The task: Exactly as written, output the lines below starting from the first and ending with the line that contains "tasse en céramique"; omit pictures.

Dataset extract:
____________________
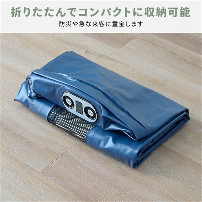 【約150秒で空気注入完了】ボタン一つで簡単・すぐに空気の注入・排出ができるエアーベッドです。キャンプや車中泊、防災対策、来客用にオススメです。厚みが約45cmあり底付き感なく使え、立ち座りもしやすい高さなので簡易ソファとしてもお使いいただけます。
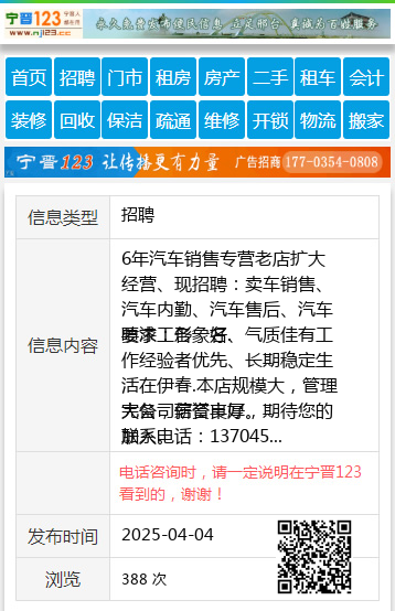 电话咨询时,请一定说明在伊春信息网看到的,谢谢!
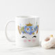 tasse en céramique Amoureux des chats, avec de jolis graphismes d'un visage de chat de dessin animé avec de gros cils aux yeux, et une couronne dorée avec des fleurs bleues. Texte, sur le devant de la tasse lit la règle des chats, et peut être personnalisé pour lire ce que vous voulez.
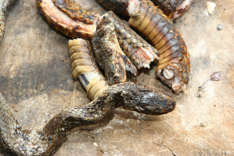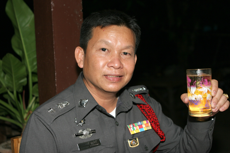 Am Miniflughafen sehen die Passagiere durch die runde Scheibe vier Thaifrauen in nordthailändischer Tracht. Sie begrüßen die Ankommenden mit einem Tanz. Tolle Idee. Beim Aussteigen fällt mein Blick in Richtung Umzäunung. Noree winkt heftig und... der Polizeichef (!), der sich für den Rest des Tages frei nahm und uns nach Hause bringt. Welche Ehre. Das Sawasdee krap fällt besonders höflich aus. Wir steigen in den älteren Benz. Die 86 Km nach Ngao fliegen förmlich vorbei. Eine Geschwindigkeitsbegrenzung gibt es für den höchsten Beamten des Distrikts nicht. Der Empfang bei Norees Familie ist überaus herzlich. Zwei weitere Polizisten gesellen sich zu uns. Anscheinend bin ich der einzige Farang in der näheren Umgebung. Beim geselligen Zusammensein warten viele Frage auf Antworten. Das eisgekühlte Singhabier macht die Runde. Auf dem Tisch warten geröstete Maden auf den Verzehr. Die Tierchen findet man im Bambus. Mühsam werden sie gesammelt und geröstet. Nach zaghaftem Versuch, doch, kann man essen. Schmecken leicht nussig. Daneben steht die Schüssel mit Salat, mit Schlangensalat. Mit Sicherheit nicht jedermanns Sache, sieht jedoch gut aus, riecht gut, und Ihr könnt es ruhig glauben, schmeckt auch gut. Für den Europäer vielleicht ein wenig scharf, aber ein Blatt vom Kohlkraut dazu - perfekt.
____________________
Solution for this problem:
 【約150秒で空気注入完了】ボタン一つで簡単・すぐに空気の注入・排出ができるエアーベッドです。キャンプや車中泊、防災対策、来客用にオススメです。厚みが約45cmあり底付き感なく使え、立ち座りもしやすい高さなので簡易ソファとしてもお使いいただけます。
 电话咨询时,请一定说明在伊春信息网看到的,谢谢!
 tasse en céramique Amoureux des chats, avec de jolis graphismes d'un visage de chat de dessin animé avec de gros cils aux yeux, et une couronne dorée avec des fleurs bleues. Texte, sur le devant de la tasse lit la règle des chats, et peut être personnalisé pour lire ce que vous voulez.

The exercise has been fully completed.